「後輩を『飲みに行こう!』と外の店には誘いづらいですが、社内のスペースなら短時間で終わらせることもできて誘いやすいです。社員同士の交流が増えたと思います。以前は『電話やメールでしか知らない』という社員同士も多かったのですが、食堂ができてから、顔と名前が一致することが増えました」(杉野さん)
このほか、毎週月曜日には「白熱塾」という希望者が集まる講座も開かれる。ビールを飲みながら議論を戦わせるため、文字通り白熱するそうだ。
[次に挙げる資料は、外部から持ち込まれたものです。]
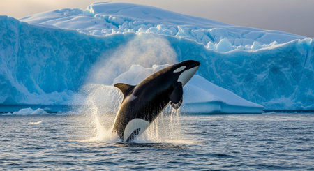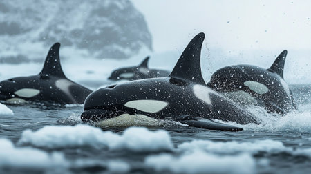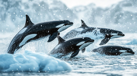 Majestic Orca Whales Leaping in the Arctic Ocean. Generative ai. High quality illustration

内定式や新入社員歓迎会、グループミーティングにもこの社食を使うというが、面白かったのは「お花見」のエピソード。数年前までは外で行っていた花見だが、最近ではこの食堂で行うようになった。花が咲いた桜の枝を買ってきて食堂の真ん中の柱に飾り、敷き詰めたビニールシートの上で靴を脱いで花見を楽しむのだという。プロジェクターを使ってスクリーンにも桜を映す。
花見の時期はまだ肌寒いことが多い。花粉症の人や、入ったばかりの新人が風邪をひかないための配慮だともいう。確かにこの食堂なら、桜の花も違和感なく馴染みそうだ。
食事が終わった後も同じ席で打ち合わせを続ける人、ドリンクバーで飲み物をタンブラーに詰めて持っていく人、すれ違う同僚に声をかける人。思い思いの表情を見ながら、この食堂は愛されている空間なのだと感じた。